Understanding one, it seems, can greatly clarify one’s understanding of the other.

When a new technology works – as a business proposition – it does so because it disrupts an economy. It either dramatically changes existing flows of money within the economy or, in the optimum case, creates entirely new flows as a result of its existence.

And there have been some technologies – flashes of genius – that transform the entire economies they inhabit. Ones that have changed the way in which we do business – changed the way we live.

So trying to understand technology – which I try to do – means sometimes starting by trying to understand the underlying economics.

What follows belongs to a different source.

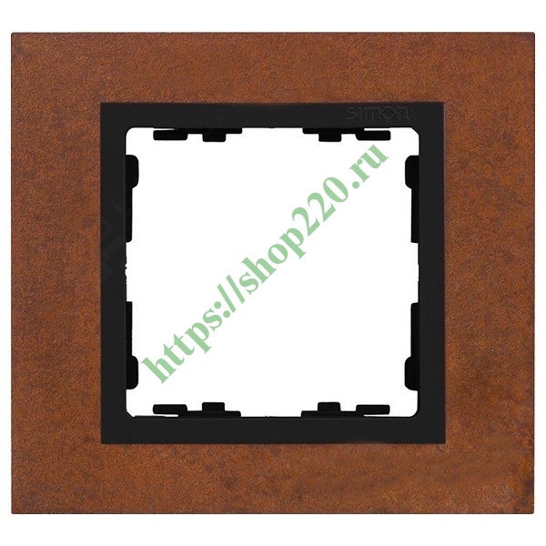 Предлагаемая здесь однопостовая декоративная рамка изготовлена из легированной стали. Специальная химическая обработка поверхности создает стойкое и глубокое покрытие, имитирующее цвет металлической окалины. Фактура остается неизменной на протяжении всего срока эксплуатации. В центральной части рамки, располагается графитовая вставка, способствующая адаптации различных гамм накладок и клавиш механизмов производственной линейки Simon 82.
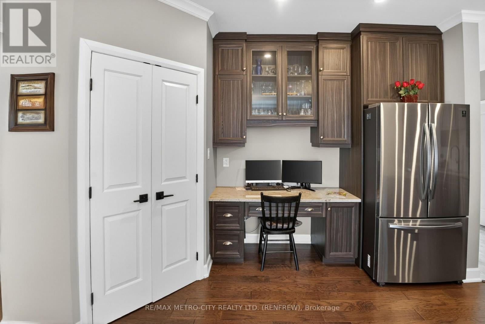 Modern ICF Luxury: Efficiency & Style Near Hwy 17. Experience the perfect blend of high-end design and superior engineering in this 2022-built ICF bungalow. Located just three minutes from Highway 17, this home is a commuter's dream that doesn't compromise on peace or performance. Built with Insulated Concrete Forms, & well shaded by the mature trees, it offers unmatched energy efficiency, soundproofing, and structural durability, ensuring significantly lower utility costs and year-round comfort. The bright, open-concept interior features soaring nine-foot ceilings, elegant crown moldings, and a cozy fireplace that anchors the main living area. The gourmet kitchen is a showstopper, finished with premium granite countertops and sleek cabinetry. With two spacious bedrooms and two full bathrooms, the layout is perfectly optimized for modern living. Complete with an attached heated garage (currently used as a den) & for easy inside entry, this high-performance home offers the peace of mind of a new build with the luxury finishes you desire. Don't miss the chance to own a home that is as smart as it is beautiful. (id:28469)

Which is a really roundabout way of talking about Elon Musk and Tesla Motors.

A car company, you ask?

The American Landscape is littered with ‘Visionaries’ – we almost spit when we say it – who wanted to change the automobile business.

The car business is a cute little business – we Americans buy about 20 Billion Dollars’ worth of automobiles every year. A company that was successful in taking 10% of that market would be a $2 billion dollar a year company.

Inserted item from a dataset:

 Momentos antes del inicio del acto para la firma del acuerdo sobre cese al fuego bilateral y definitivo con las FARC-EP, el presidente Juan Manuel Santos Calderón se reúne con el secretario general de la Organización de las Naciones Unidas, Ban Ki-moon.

One might be successful in the car business, but it wouldn’t make you Apple, for example, a company with a nearly 750 Billion Dollar market capitalization.

And it is the mention of Apple, who didn’t create a simple product, but an entire ecosystem that could grow and expand in unpredictable ways, to the point where Apple makes consumer electronics – sure – but they also make incredible revenues from entertainment, publishing and media, and now – with ApplePay – Financial Services.

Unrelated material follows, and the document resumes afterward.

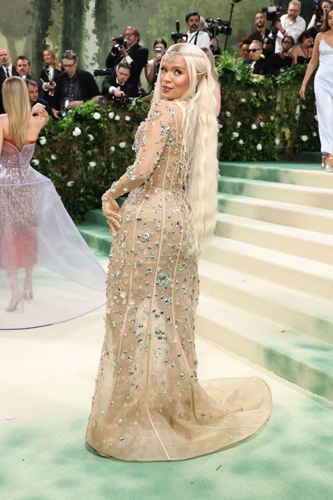 La Met Gala es un evento para recaudar fondos para el Instituto del Vestido del Museo Metropolitano de Arte de la ciudad de Nueva York. La temática de este año es «Bellezas durmientes: El despertar de la moda» y el código de vestimenta para la red carpet de este año es «El Jardín del Tiempo», un relato escrito en 1962 por el autor británico J. G. Ballard, ambientado en un jardín lleno de flores translúcidas que manipulan el tiempo.

People who thought Apple was a company that just wanted to make computers were wrong.

What if those people –  what if you –  are wrong about Tesla, too?

Public information about Tesla’s current projects and issued patents really tell the tale, if you can see what they’re telling us.

The Tesla Nevada Battery ‘Gigafactory’ has the capacity to produce a quantity of Lithium Ion batteries that far exceed the needs of Tesla Automobile’s most optimistic sales and production unit projections.

Why do that?

If Tesla isn’t a car company, it starts to make sense.

Tesla has already been issued patents for a series of hybrid Solar Power and Battery Storage power units, some designed for residential use, others for industrial scale. These units make use of solar panel technology from Solar City – a company whose Chairman is Elon Musk. These battery units are designed not just to charge a Tesla car, but to provide enough power to run the entire residence or business to which they are attached. A technology which not only frees its users from the gas pump, but also potentially from the public electric grid, as well.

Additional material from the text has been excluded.